COPD is the 3rd leading cause of death in the US and 4th in the world (WHO 2016). In countries with significant air pollution (e.g. indoor wood burning cooking stoves), mortality is even higher.
Diagnosis (GOLD guidelines 2017)
Symptoms typically include progressive shortness of breath, cough with or without sputum production, intermittent exacerbations of symptoms often triggered by viral infections, and most patients have a personal history of tobacco smoking (or significant second-hand smoke or air pollution exposure).
Occasionally, patients will not report dyspnea or exacerbations in spite of a high suspicion for COPD– Dr. Blagev recommends asking very detailed questions about function (e.g. avoidance of exertion), prolonged respiratory viral infections, or symptoms related to cooking, chemical fumes, cleaning sprays, or air pollution.
If the history is atypical (e.g. patient has no smoking history), broaden the differential diagnosis (e.g asthma, congestive heart failure, and bronchiectasis) and seek additional work-up. Question COPD as a diagnosis if patients do not symptomatically improve with treatment (see below for management). Comorbidities affect symptoms and should be also be targeted for treatment (morbid obesity, pulmonary hypertension, OSA, diastolic dysfunction and renal failure).
Asthma-COPD overlap (Postma and Rabe. NEJM. 2015): consider if patient has peripheral eosinophilia, childhood history of asthma, or allergic triggers (e.g. seasonal allergies or animals).
Consider evaluation for alpha-1-antitrypsin deficiency in patients with emphysema, which may be useful particularly for counseling family members. Replacement therapy is expensive with limited evidence (Cochrane 2010), but could be indicated in patients with mild/moderate obstruction or disease progression (follow spirometry at least annually) (Sandhaus et al. COPD Foundation. 2016).
Part II: Mr. T was sent for spirometry. He is 5’5” and 126 lbs.
Forced vital capacity (FVC): Actual 2.00L, Predicted 3.77L (53% predicted); post-bronchodilator 2.03L (53% predicted, change +1%)
Forced expiratory volume in 1 second (FEV1): Actual 0.80L, Predicted 2.66L (30% predicted); post-bronchodilator 0.78L (29% predicted, change -3%)
FEV1/FVC ratio (ACTUAL): 0.80L/2.00L (40%)
Not pathognomonic for a COPD diagnosis, and should be used as a confirmatory test if you have a high suspicion for the diagnosis by history.
Spirometry should be performed pre- and post-bronchodilator. A patient with COPD will have obstruction both before and after bronchodilators, and may or may not have a bronchodilator response (defined as increase in 12% AND 200mL in FEV1 or FVC).

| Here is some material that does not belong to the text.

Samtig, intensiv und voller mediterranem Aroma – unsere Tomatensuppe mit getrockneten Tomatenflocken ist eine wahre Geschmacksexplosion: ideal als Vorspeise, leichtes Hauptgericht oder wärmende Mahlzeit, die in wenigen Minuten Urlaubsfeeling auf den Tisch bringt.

The definition of pulmonary function testing (PFT) varies by PFT lab/institution, but typically includes spirometry, plethysmography assessment of lung volumes (“body box” measurements) and diffusing capacity of the lung for carbon monoxide (DLCO). Spirometry is sufficient to evaluate for COPD (and it is typically cheaper/more readily available), but if the diagnosis is more complicated PFTs can provide useful additional data. There’s no need to repeat spirometry at scheduled intervals unless you have a specific clinical question.

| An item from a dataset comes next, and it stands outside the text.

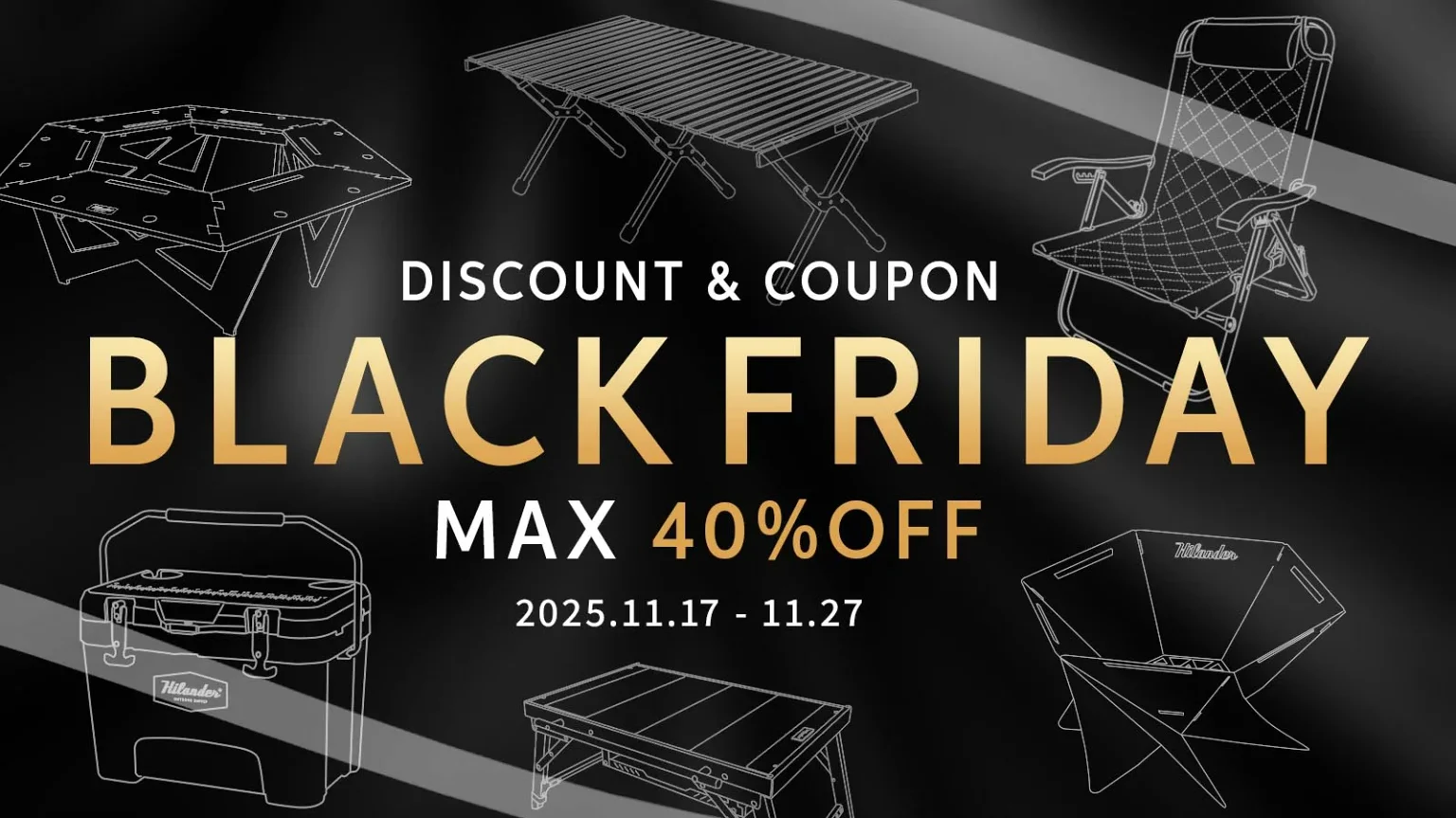Hilandar(ハイランダー)公式サイトとAmazon、楽天、Yahoo!公式ストアにて、2025年11月17日〜12月1日の期間中、ブラックフライデーセールが開催されています。チェアやテーブルなどのファーニチャー類から、焚き火台などハイランダーの人気アイテムがお得に購入できます。詳細をレビューします。

To complicate matters, some patients, typically with a tobacco history, may have COPD symptoms, but “preserved lung function” (Woodruff, et al. NEJM. 2016). These patients can be diagnosed with COPD based on the history and clinical features (including exacerbations) being compatible with COPD.
Dr. Blagev’s approach to interpret spirometry:
Figure 1. Flow Volume Loop
FEV1: forced expiratory volume in 1 second
FVC: forced expiratory volume
TLC: total lung capacity
RV: residual volume
Traditionally, COPD staging was by FEV1 impairment alone (GOLD 1-4). However, newer staging incorporates exacerbation history and severity of dyspnea symptoms (GOLD A-D).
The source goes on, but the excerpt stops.